# Student Of The Month



## RizFam (Feb 25, 2006)

This is the first time John Luke has been awarded this achievement.








I just wanted to share it with you all.


----------



## johnp (Mar 15, 2004)

Tami thats great but any of us that have ever met John Luke,and your family already knew that









John


----------



## willie226 (Apr 4, 2006)

That is awesome Tami
Congratulations to you and to him













































































































Willie


----------



## RizFam (Feb 25, 2006)

Thank You John & Willie that is sweet of you to say and I appreciate that.


----------



## Moosegut (Sep 24, 2005)

All I can say is, EXCELLENT! Tell John Luke that we are very happy for him and proud to know him. I'm sure we'll be seeing him soon as spring is approaching - I gotta reserve site 9.








We love you guys.


----------



## camping479 (Aug 27, 2003)

Nice!!!!!

It's plain to see the effort and love you give him, the award is a result of that









Great job John Luke!!

Mike


----------



## map guy (Jan 11, 2007)

Very cool - congrats to your son for his determination and hard work!

Map Guy


----------



## 4ME (Sep 11, 2006)

Way to Go! John Luke!


----------



## mountainlady56 (Feb 13, 2006)

WHOO-HOO!!! YEA, JOHN LUKE!!!!
































































Now's when I really wish I had all those fancy emotes you have, Tami!! I know you and John are so proud of him, and, more importantly, I hope John Luke's proud of HIMSELF!!!
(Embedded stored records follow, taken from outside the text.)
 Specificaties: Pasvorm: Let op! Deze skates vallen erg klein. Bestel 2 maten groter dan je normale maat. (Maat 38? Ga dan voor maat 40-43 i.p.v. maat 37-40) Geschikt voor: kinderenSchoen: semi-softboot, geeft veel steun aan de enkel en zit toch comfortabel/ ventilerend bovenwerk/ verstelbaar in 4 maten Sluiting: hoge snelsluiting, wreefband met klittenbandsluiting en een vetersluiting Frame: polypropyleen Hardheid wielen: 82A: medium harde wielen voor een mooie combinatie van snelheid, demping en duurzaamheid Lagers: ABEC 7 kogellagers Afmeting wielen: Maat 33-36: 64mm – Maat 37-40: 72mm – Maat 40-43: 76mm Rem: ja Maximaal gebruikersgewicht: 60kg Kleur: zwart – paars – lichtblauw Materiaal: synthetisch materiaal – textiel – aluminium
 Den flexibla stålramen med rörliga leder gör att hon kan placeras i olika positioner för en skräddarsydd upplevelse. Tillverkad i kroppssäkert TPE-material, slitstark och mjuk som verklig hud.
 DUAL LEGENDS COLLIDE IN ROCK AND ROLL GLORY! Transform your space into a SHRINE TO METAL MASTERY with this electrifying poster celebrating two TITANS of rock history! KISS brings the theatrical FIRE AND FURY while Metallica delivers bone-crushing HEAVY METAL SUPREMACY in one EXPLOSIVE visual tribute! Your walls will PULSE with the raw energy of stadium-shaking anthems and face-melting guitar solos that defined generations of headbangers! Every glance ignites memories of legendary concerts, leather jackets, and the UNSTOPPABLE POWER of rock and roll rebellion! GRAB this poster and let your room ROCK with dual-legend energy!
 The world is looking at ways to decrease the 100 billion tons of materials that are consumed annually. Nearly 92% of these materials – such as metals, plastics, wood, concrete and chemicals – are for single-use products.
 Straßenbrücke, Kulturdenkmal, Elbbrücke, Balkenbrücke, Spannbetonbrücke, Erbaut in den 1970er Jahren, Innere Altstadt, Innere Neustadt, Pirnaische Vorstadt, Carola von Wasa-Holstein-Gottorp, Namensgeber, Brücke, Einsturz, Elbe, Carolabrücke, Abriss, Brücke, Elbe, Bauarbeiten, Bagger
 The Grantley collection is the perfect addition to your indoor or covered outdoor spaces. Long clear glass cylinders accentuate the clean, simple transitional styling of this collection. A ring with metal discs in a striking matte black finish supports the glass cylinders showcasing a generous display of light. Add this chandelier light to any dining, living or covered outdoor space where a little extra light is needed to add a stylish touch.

Tell him I love him and I'm VERY proud of him!!















Darlene


----------



## skippershe (May 22, 2006)

Way to go John Luke! 























Great job! We are all so proud of you








Keep up the great work...we look forward to meeting you someday and would be quite honored to do so


----------



## forgetfulmom (Aug 7, 2006)

Congrats Tami, John, and John Luke! That is wonderful!

Keep up the great work!

Jenn


----------



## N7OQ (Jun 10, 2006)

Way to go John Luke, we all knew you were #1 glad the rest of them finally figured it out.


----------



## Cabana Dave (Jan 29, 2007)

Way to go John Luke! Keep up the good work. Camping season is coming up soon.

Cabana Dave


----------



## Lady Di (Oct 28, 2005)

Congratulations John Luke, Tami, and John.
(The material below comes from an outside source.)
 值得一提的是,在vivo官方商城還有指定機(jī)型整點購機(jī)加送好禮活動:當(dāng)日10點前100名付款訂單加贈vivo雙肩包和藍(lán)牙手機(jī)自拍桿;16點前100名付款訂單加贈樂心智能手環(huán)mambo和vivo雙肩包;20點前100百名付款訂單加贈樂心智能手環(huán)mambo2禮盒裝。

I know you ALL did a terriffic job. John Luke has some great talents.


----------



## tdvffjohn (Mar 10, 2005)

Proud parents of a special child









Way to go John Luke






























John


----------



## sleecjr (Mar 24, 2006)

Great Job John Luke.







And congratulations to Tami and John!


----------



## HootBob (Apr 26, 2004)

That is fantastic Tami
Congrats John Luke way to go buddy









Don


----------



## Fire44 (Mar 6, 2005)

Congratulations!!!! Keep up the good work!!!

Gary


----------



## old_tidefan (Nov 23, 2005)

Great job







I didn't win too many....well, any student of the month awards in my school days









You're right to be very proud of him!


----------



## Oregon_Camper (Sep 13, 2004)

What a great award. I'm sure he is smiling in his sleep.
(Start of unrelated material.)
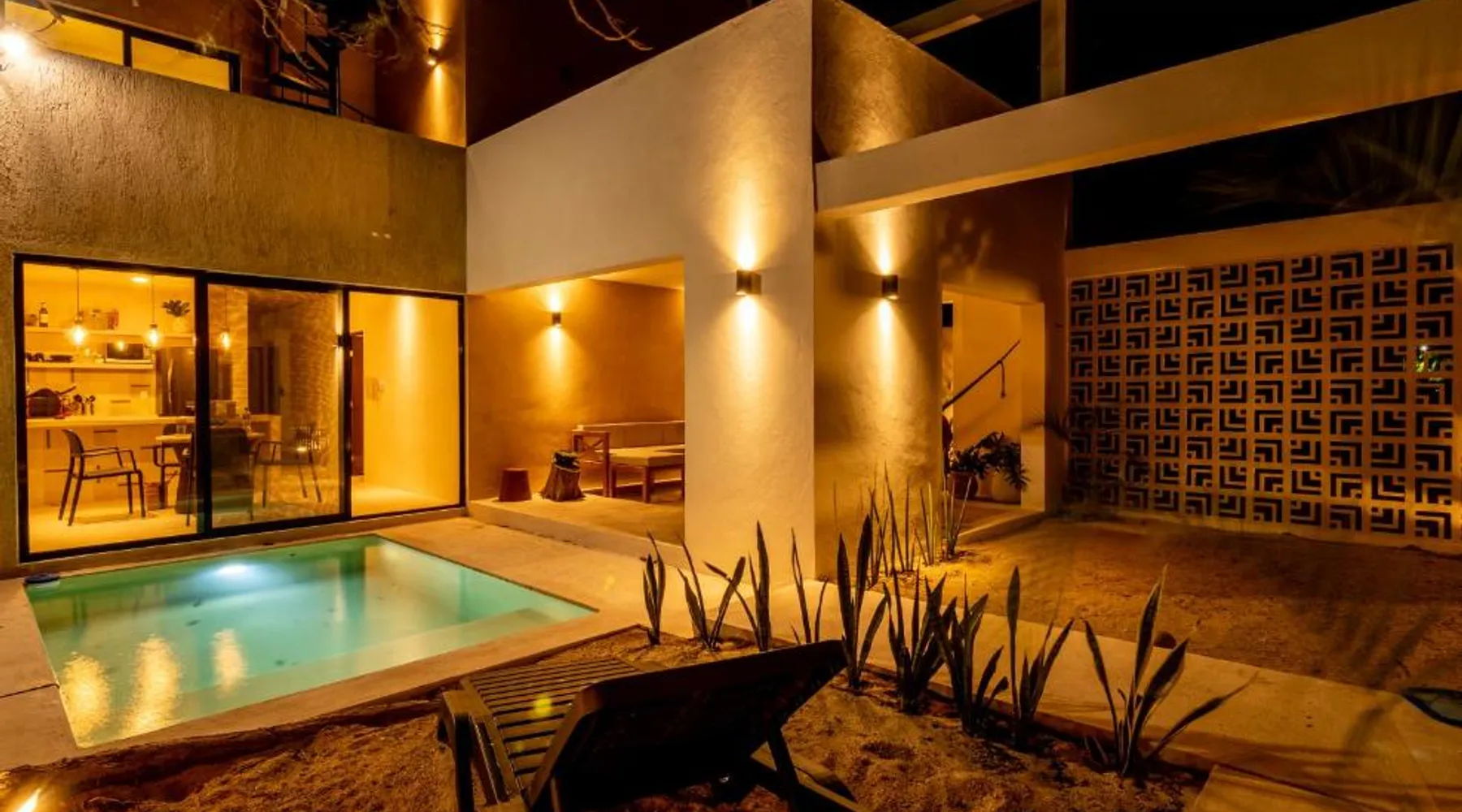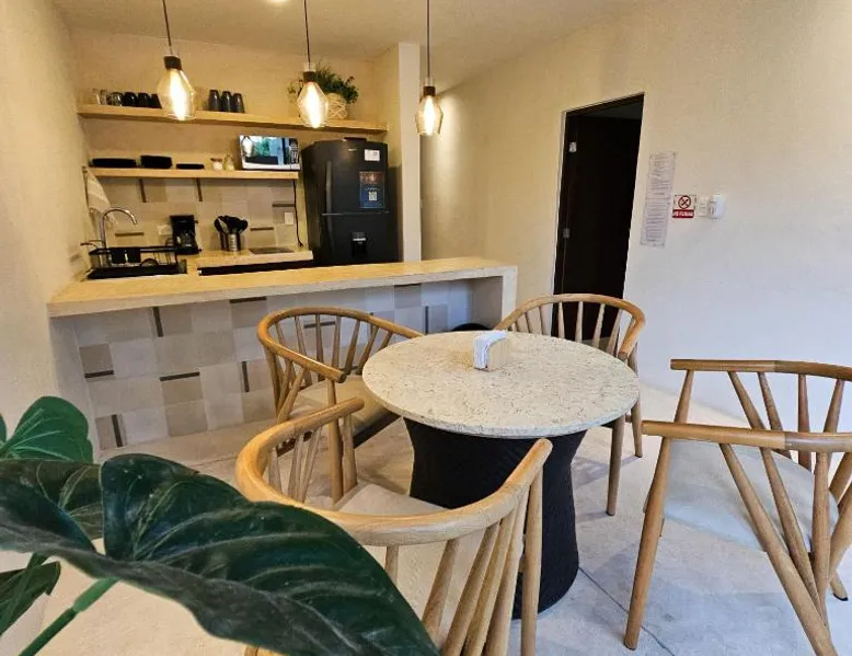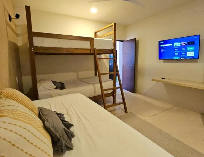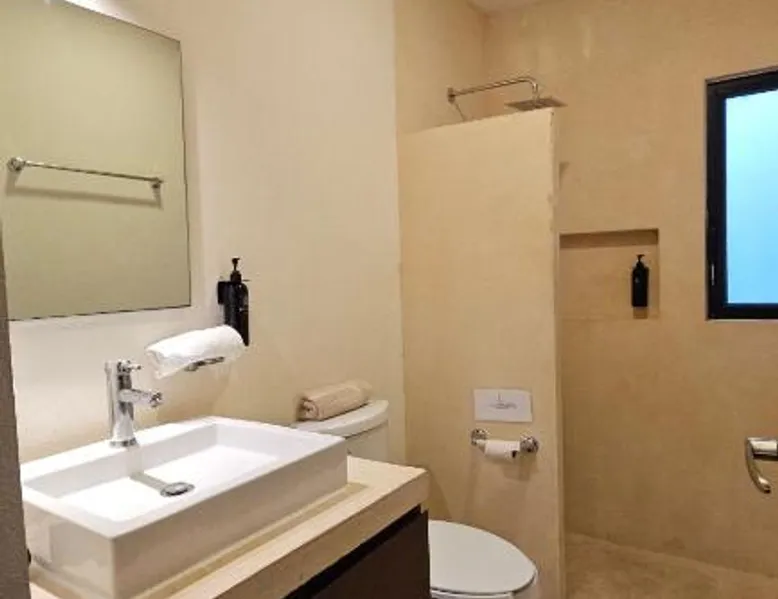 Elegant Holiday Home in Telchac Puerto: Casa Arrayan Telchac offers a serene retreat in Telchac Puerto, Mexico. Guests enjoy a sun terrace, lush garden, and a year-round outdoor swimming pool. Free WiFi is available throughout the property. Comfortable Living Spaces: The holiday home features family rooms, a fully equipped kitchenette, and a private balcony. Additional amenities include air-conditioning, a terrace, and a hammam. Free on-site private parking ensures convenience for all guests. Prime Location: Located a few steps from Telchac Puerto Beach, the property is 42 mi from Manuel Crescencio Rejón International Airport. Nearby attractions include the Telchac Puerto Beach and an inner courtyard view. This villa's special feature is the private pool. Featuring a private entrance, this air-conditioned villa consists of 4 bedrooms and 4 bathrooms with a shower. Meals can be prepared in the kitchen, which is equipped with a stovetop, a refrigerator, kitchenware and an oven. Boasting a terrace with sea views, this villa also provides a coffee machine and a flat-screen TV with streaming services. The unit offers 8 beds.

Great kids come from great parents...so Mom and Dad also deserve a pat on the back.


----------



## RizFam (Feb 25, 2006)

Thanks everyone you are too kind.







He is a really great kid. 







We just do our best with the help of God & a lot LOVE!


----------



## z-family (Oct 2, 2004)




----------



## G.G.Gator (Aug 4, 2006)

Great job Jon Luke!
Congratulations to the whole family.

Keep it up,

Greg


----------



## outbackinMT (Oct 7, 2006)

Yayyy!!! Congratulations John Luke!!! And to his wonderful parents!!!!









Brenda


----------



## Thor (Apr 7, 2004)

All Right John Luke

















2 thumbs for a great kid

Keep up the great work. We are all so proud of you.

Thor & Family


----------



## NJMikeC (Mar 29, 2006)

Outstanding! Very happy for you all Tami!


----------



## happycamper (Jul 26, 2005)

Tami

Glad they finally figured out what we already knew!!

He is one special boy I hope he enjoys his time in the spot light!!

Congratulations and be proud.....be very, very proud!

Jim and Steph


----------



## RizFam (Feb 25, 2006)

Thanks Everyone 







You guys & gals are clearly The Best & I love you all!! We are truly Blessed to have such wonderful & supportive friends!!


----------



## wolfwood (Sep 19, 2005)

This one's for you JL!!!!










...and these are for you, Tami & John!!!


----------



## stapless (Feb 20, 2005)

Congrats!! you should be very proud!!

scott


----------